Background: With multiple strains of various pathogens being sequenced, it is necessary to develop high-throughput methods that can simultaneously process multiple bacterial or viral genomes to find common fingerprints as well as fingerprints that are unique to each individual genome. We present algorithmic enhancements to an existing single-genome pipeline that allows for efficient design of microarray probes common to groups of target genomes. The enhanced pipeline takes advantage of the similarities in the input genomes to narrow the search to short, nonredundant regions of the target genomes and, thereby, significantly reduces the computation time. The pipeline also computes a three-state hybridization matrix, which gives the expected hybridization of each probe with each target.

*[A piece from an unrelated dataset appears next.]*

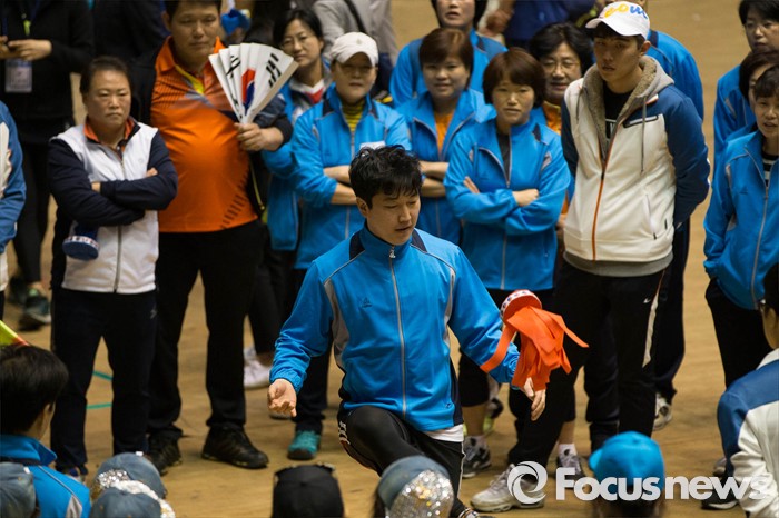 (서울=포커스뉴스) 24일 오전 서울 송파구 잠실실내체육관에서 열린 '2016 서울시민 생활체육대회' 참가자가 제기차기를 하고 있다.

Results: Design of microarray probes for eight pathogenic Burkholderia genomes shows that the multiple-genome pipeline is nearly four-times faster than the single-genome pipeline for this application. The probes designed for these eight genomes were experimentally tested with one non-target and three target genomes. Hybridization experiments show that less than 10% of the designed probes cross hybridize with non-targets. Also, more than 65% of the probes designed to identify all Burkholderia mallei and B. pseudomallei strains successfully hybridize with a B. pseudomallei strain not used for probe design.
Conclusion: The savings in runtime suggest that the enhanced pipeline can be used to design fingerprints for tens or even hundreds of related genomes in a single run. Hybridization results with an unsequenced B. pseudomallei strain indicate that the designed probes might be useful in identifying unsequenced strains of B. mallei and B. pseudomallei.